In spite of the wage differences, the statistics on savings and debt, and the struggles of single parenthood, the number of women buying homes without a spouse or partner is on the rise, according to Bloomberg. This rite of passage, previously reserved for happily married couples, now has a fresh, inspiring and independent face.
“By 2007, Michelle Jackson, a 30-something writer in Denver, held a master’s degree, had traveled the world, and was enjoying her social life as a single woman. ‘I wanted to have my own place,”Jackson said. “A lot of people in my circle of friends were women purchasing their homes when they got married, but I still felt like I wanted to build my own wealth and buy. If and when I met someone, it’s something that just added to what I bring to the relationship. It didn’t make sense to wait.”
Sentiments like Jackson’s are becoming the norm, rather than the exception, and are a far cry from the 1960’s stereotypes and prior historical barriers to women owning property. In fact, the rate at which single women are outpacing single men in home ownership is significant:
“…single women account for 17 percent of homebuyers in the U.S., compared with 7 percent of single men. The data, from last year, are from the National Association of Realtors.”

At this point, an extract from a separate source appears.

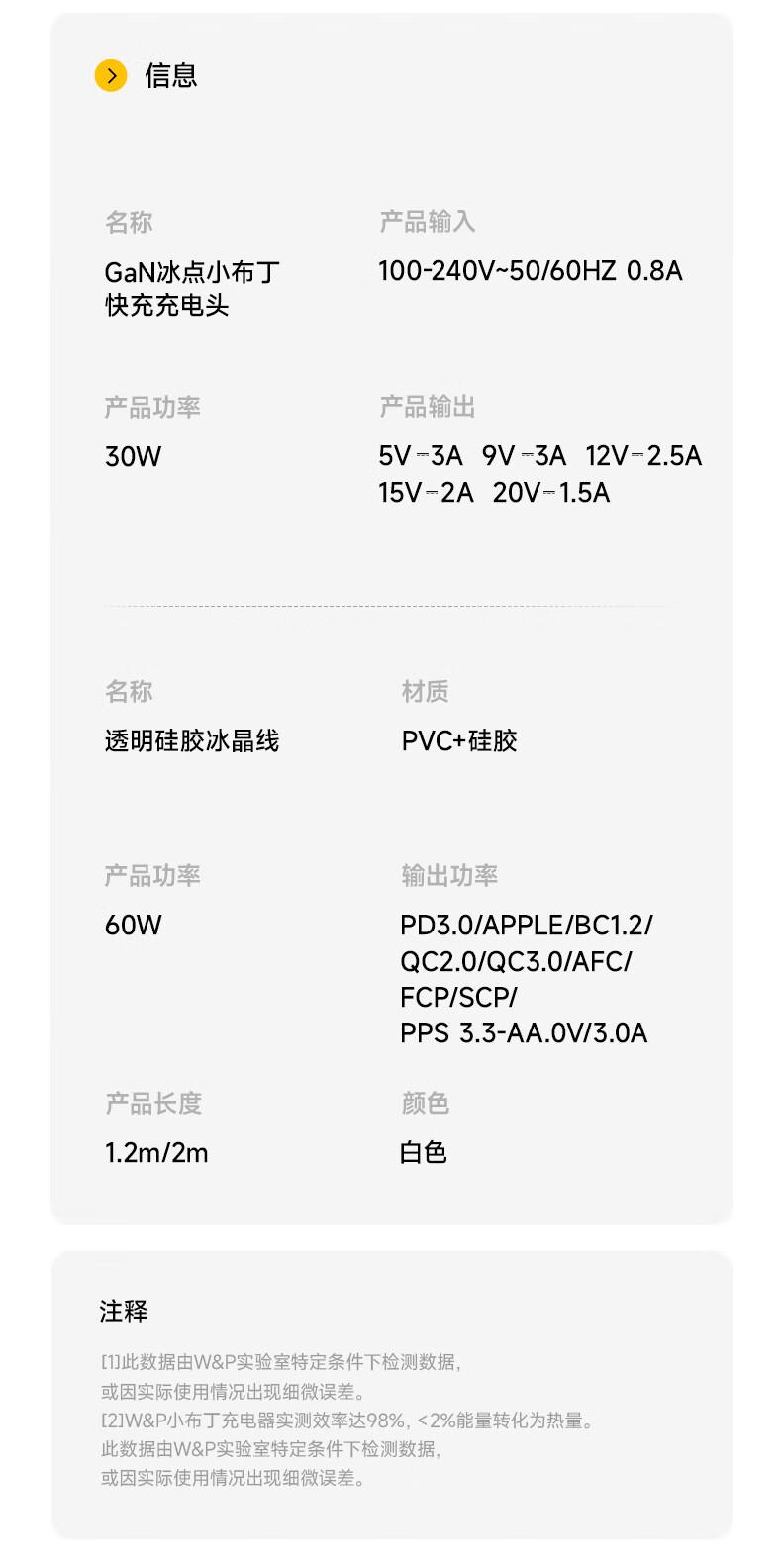 [ice white] 30w gallium nitride power adapter, [double c customization] 30w gallium nitride super charging hea...

What is driving this trend? Research has found multiple factors that are playing a role in single women’s decisions to own a home, from the sheer numbers of young women in the marketplace to an interesting challenge of previously held stereotypes about women’s desire for marriage and settling down versus men.
“For one, unmarried women may be likelier than men to seize singledom as a lifestyle, said Bella DePaulo, a professor at the University of California at Santa Barbara and the author of Singled Out. “Despite the stereotypes that insist that women care more about marriage than men do, it may actually be single life that women embrace more than men,” DePaulo said. “Some research suggests that single women are especially unlikely to be lonely—again, contrary to our stereotypes. … I think that buying a home is a way of living your single life fully, rather than seeing your single years as just marking time until you find The One.”
It’s clear that women are taking advantage of a world that has offered then many more opportunities for personal and professional development than in the past. For the real estate world, it will be imperative to learn whats important to single women in making their first, and subsequent, investments in the marketplace.